For performance reasons, the tables reside in cache. The granularity of transfer between the cache and main memory is a line that is 64 bytes on all machines we experimented with. Each of \(T_{0}-T_{3}\) contains 256 4-byte elements. Hence, 16 elements reside on a single cache line and each of \(T_{0}-T_{3}\) occupies 16 lines. An index into a table is 8 bits – the high-order nibble specifies the line within the table and the low-order nibble specifies the element within a line.

3.2 Experimental set-up

Executions of the spy process and the victim performing decryptions are interleaved on the same core. Ideally, the victim (V) makes a few AES table accesses during its run before being preempted. The spy, scheduled next, then attempts to infer the line numbers of the table elements accessed in the preceding run of V. In most operating systems (OSs), however, the time slice provided to an executing process is about a millisecond.
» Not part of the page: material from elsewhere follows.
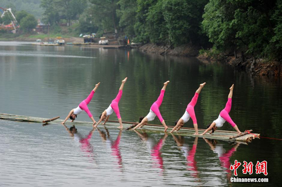长沙瑜伽达人上演水上瑜伽 秀优美身段

This is sufficient for V to decrypt tens of blocks of ciphertext, making it impossible for the spy to deduce the decryption key. What is needed is a way to restrict the duration of V’s time slice to about 1100 ns.

Similar to [10], we employ a multi-threaded spy process. The spy program creates a high-resolution POSIX timer (used by all the spy threads) and an array of binary semaphores – S[i] is the semaphore associated with Thread i. All but one of the semaphores are initialized to 0. Hence, all threads are blocked on their respective semaphores except for the one that is initialized to 1. The unblocked thread accesses a pre-determined list of cache lines to determine which of these have just been accessed by V. The exact list depends on whether prefetching is enabled and, if so, the type of prefetcher. The spy thread then flushes all the lines containing the AES tables from cache.

figure a

The last task of the spy thread is to arm the timer by initializing its value to \(t \sim 1100\,\hbox {ns}\). It then returns to the first statement of the loop, wherein it blocks on its semaphore (Line 6). Now all the spy threads are blocked on their respective semaphores. Hence, V is scheduled next and it resumes performing decryptions. On expiration of the timer value, the kernel sends a signal to the signal handler, which unblocks Thread \(i + 1\) (Line 3). V is preempted and Thread \(i + 1\) is scheduled for the reason explained here.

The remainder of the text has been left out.